I modified the `--ntasks` parameter and changed it to 8, I also modified the `--ntasks-per-node` to 8 in order to match the number of tasks. 

```
/usr/local/bin/sbatch --output=${HOME}/slurm-%A.out --ntasks 8 --gres=rdu:8 --ntasks-per-node 8  --nodes 1 --nodelist $(hostname) --cpus-per-task=8  ${PROJ_DIR}/BertLarge_run.sh $1 >> ${OUTPUT_PATH} 2>&1
```

This yielded the following performance:

- e2e_train_time: 440.9703402519226
- training_sequences_per_second: 300207.7643688482
- final_loss: 8.30881118774414
- training_samples_per_second: 2345.3731591316264

Since the number of tasks was decreased, the number of sequences and samples that the model was able to train per second also decreased.
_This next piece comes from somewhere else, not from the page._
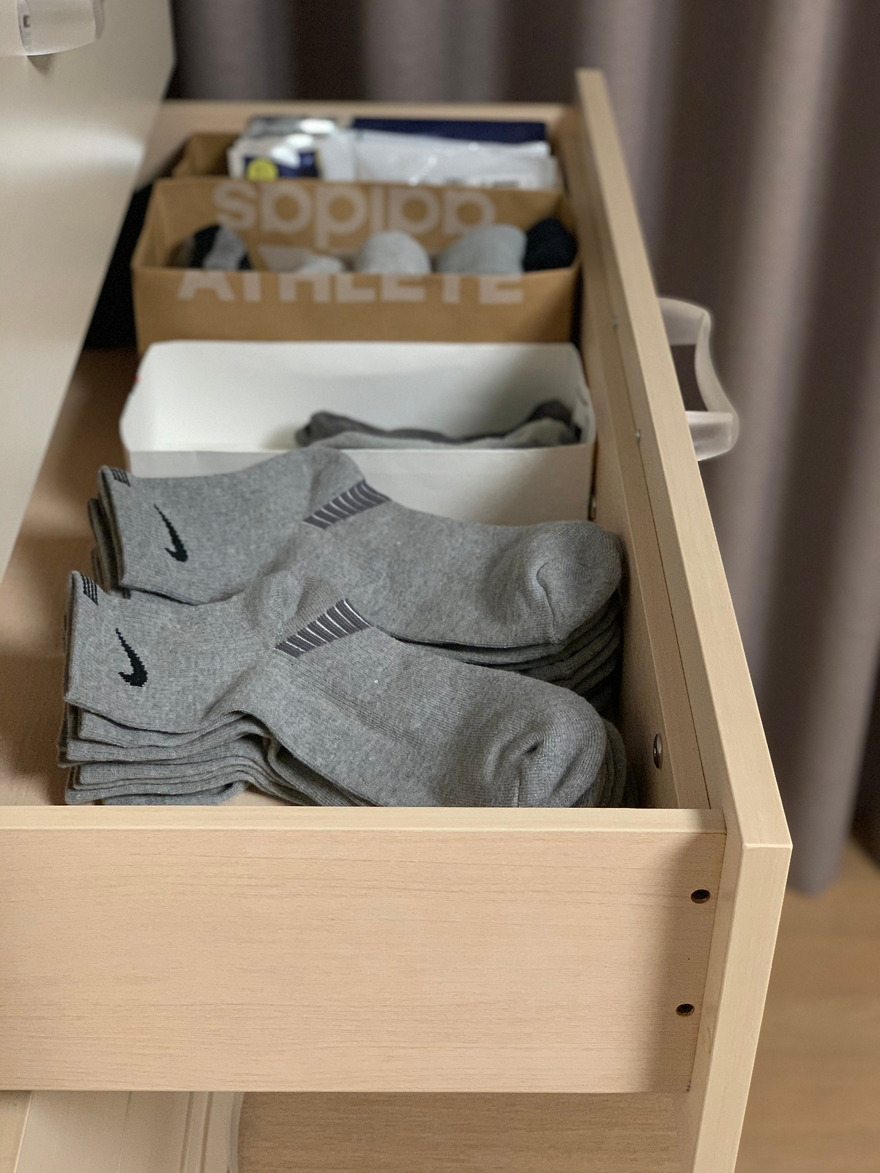낡고 구멍 난 양말을 비워가며 되도록 같은 종류의 양말을 구입해 종류를 늘리지 않았다.

The training time decreased slightly but the final loss was greater than the first run.

## Graphcore

**Homework task: Run MNIST example by changing values of the input parameters like batch-size, learning rate and number of epochs trained and observe and report the performance implications.**

The original parameters of the MNIST example were the following:

- learning_rate = 0.03
- epochs = 10
- batch_size = 8
- test_batch_size = 80

The accuracy on the test set was 98.07%, with 10.97 seconds per iteration

I changed the parameters to have a higher learning rate by one order of magnitude and increased the batch size hoping for a faster training, since I used the same batch size:

- learning_rate = 0.3
- epochs = 10
- batch_size = 8
- test_batch_size = 100

The accuracy of the test set was 98.64%, with 8.73 seconds per iteration

This means that the training time was indeed decreased and it ended up having a better test set accuracy in the same number of epochs.

## Cerebras

**Homework task: Run the BERT example with a different batch size, like 512 or 2048 and observe the performance difference**

The original batch size was 1024, and the relevant outputs are:

- The loss for the final step 1000 was 7.07812
- Processed 1024000 sample(s) in 210.545817686 seconds

I first changed the batch size to 512, the relevant outputs are:

- The loss for the final step 1000 was 7.12500
- Processed 512000 sample(s) in 175.796076613 seconds

Then I changed the batch size to 2048, the relevant outputs are:

- The loss for the final step 1000 was 7.14844
- Processed 512000 sample(s) in 334.704423242 seconds

The fastest training time was for the batch size of 512, which is the smaller tested, yet the loss was the smallest for the batch size of 1024. Increasing the batch size from 1024 to 2048 didn't improve the loss and it took longer.

## Groq

**Homework task: Run the BERT example with custom input instead of dummy input**

The dummy input has `batch_size` = 1, and `max_seq_length` = 128

The final training metrics were:

```
+--------+----------+-------------------------+----------------+----------------------+-------------+
  | Source | Accuracy | end-to-end latency (ms) | end-to-end IPS | on-chip latency (ms) | on-chip IPS |
  +--------+----------+-------------------------+----------------+----------------------+-------------+
  |  cpu   |  77.47%  |           2.25          |     445.29     |          --          |      --     |
  |  groq  |  77.47%  |           0.06          |    16788.58    |         0.03         |   37576.72  |
  +--------+----------+-------------------------+----------------+----------------------+-------------+
```

I changed the inputs to: `batch_size` = 1 and `max_sequence_length` = 512

The final training metrics were:

```
+--------+----------+-------------------------+----------------+----------------------+-------------+
| Source | Accuracy | end-to-end latency (ms) | end-to-end IPS | on-chip latency (ms) | on-chip IPS |
+--------+----------+-------------------------+----------------+----------------------+-------------+
|  cpu   |  77.47%  |           9.26          |     108.03     |          --          |      --     |
|  groq  |  77.47%  |           0.13          |    7515.17     |         0.09         |   10953.97  |
+--------+----------+-------------------------+----------------+----------------------+-------------+
```

Reasonably, since I increased the input size, the latency increased, yet the accuracy was the same as the previous configuration.